#K0007 — Secure key store#

Author:

Niini

Started:

2024-01-23

Last updated:

2024-01-23

Status:

Design in progress

Timeline#

First draft

Proof of Concept

Stable implementation

2023-01-23

Summary#

Kate maintains an internal key store that holds parties the player has trusted before, as well as their own sets of keys, if they happen to be a developer.

See #K0006 — Cartridge signatures.

Formal semantics#

A key store is a set of keys stored by domain. Public keys are stored in SPKI format, while private keys are stored in PKCS8 format, encrypted using a AES-GCM key derived from the user’s master password.

This gives rise to the following language:

Key k :: Private {key, iv, pair_fp}
       | Public {key}

Trust t :: personal | publisher | trusted

Domain d :: a kate developer domain (`subdomain*.domain.tld`)

Store s :: {salt, check, {{t, d, k}, ...}}

Operation op ::
  | s.add(t, d, k)
  | s.delete(t, d, k)
  | s.get(d)
  | s.export(k)
  | s.sign(k, m)
  | s.verify(k, m)

The primitive operations on the store are adding, deleting, and retrieving keys, as well as exporting keys (which pushes them to an external format). Stores have their own salt and a byte check hash value so we can both derive the same encryption key from the user’s password and verify that the password is correct (by decrypting byte check hash).

s.add(k)#

s.add(t, d, k) when {t, d, fp(k)} is not in the store =
  {{t, d, pack(k, s.salt)}, ...s}

pack(Private {key, pair_id}, salt) =
  let iv = csprng(12 bytes)
  let secret = ask for the user master password
  let crypt-key = derive an AES-GCM key from {PBKDF2 secret, salt}
  wrap 'key' using 'crypt-key', PKCS8 format, and iv
  Private {key, iv, pair_id}

pack(Public {key}, _) =
  export 'key' using SPKI format

fp(k) = SHA-1 of k

That is, to add a key to the store we make sure that we don’t yet have that key in the store (matching the trust level, the domain, and fingerprint), then we export the key to a binary format and, in the case of private keys, encrypt it with an AES key derived from the store’s master password.

Private keys have their initialisation vector generated anew every time they’re stored, and they also hold a pointer to the public key through its stable fingerprint.

s.delete(k)#

s.delete(t, d, k) =
  s without {t, d, k}

That is, delete is a filter operation that simply gets rid of the key at that trust/domain level.

s.get(d)#

s.get(d) =
  s with only {_, d, _}

That is, get is a filter operation that leaves only keys at the given domain.

s.export(k)#

s.export(Public {key}) =
  pem(export-spki(key))

s.export(Private {key, stored-iv, _}) =
  let secret = ask for the user master password
  let crypt-key = derive an AES-GCM key from {PBKDF2 secret, s.salt}
  let raw-key = unwrap 'key' using 'crypt-key', PKCS8 format, and stored-iv

  let iv = csprng(12 bytes)
  let salt = crprng(16 bytes)
  let export-secret = ask for an export encryption password
  let export-key = derive an AES-GCM key from {PBKDF2 secret, salt}
  let bkp-key = wrap 'raw-key' using 'export-key', PKCS8 format, and iv
  {iv, salt, bkp-key}

That is, exporting a public key is straightforward, as we just take the binary representation in SPKI and turn that into its PEM representation.

Exporting a private key is a bit more involved: we decrypt the key with the store’s master password, then re-encrypt the key with a newly provided password.

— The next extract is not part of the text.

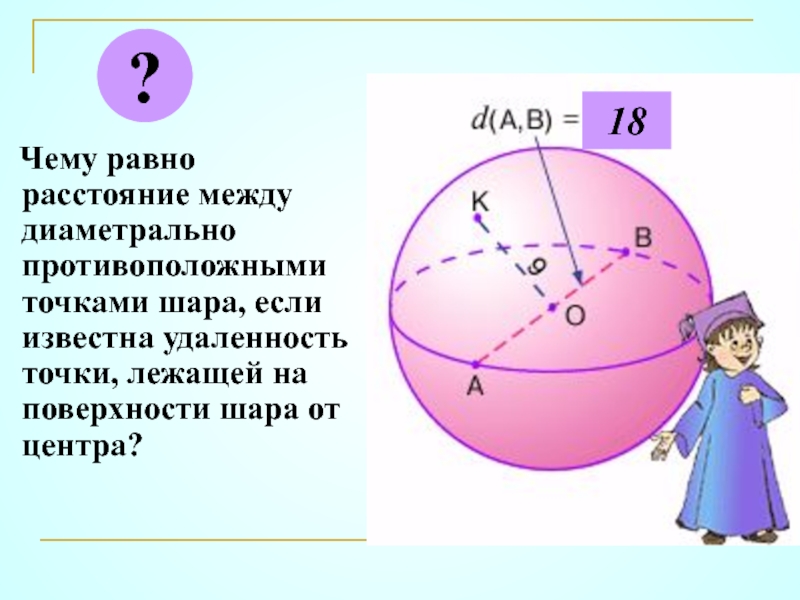 Слайд 9 Чему равно расстояние между диаметрально противоположными точками шара, если

The exported key is then stored alongside its initialisation vector and password salt so it the encryption key can be re-derived from the storage.

s.sign(key, m)#

s.sign(Private {key, iv}, m) =
  let secret = ask for the store's master password
  let crypt-key = derive an AES-GCM key from {PBKDF2 secret, s.salt}
  let sign-key = unwrap 'key' using 'crypt-key', PKCS8 format, and iv
  ecdsa-sign("P-384", sign-key, m)

That is, in order to sign a message with a key, we first decrypt it using the store’s master password, then we sign the message with the underlying key.

The store only supports keys for ECDSA with P-384 curves, so no additional algorithm information is present in the message signing itself.

s.verify(key, m)#

s.verify(Public {key}, m) =
  ecdsa-verify("P-384", key, m)

Verifying a message with a public key has straightforward: we perform the necessary ECDSA signature verification using the underlying cryptographic algorithm.

The store only supports keys for ECDSA with P-384 curves, so no additional algorithm information is present in the message verification itself.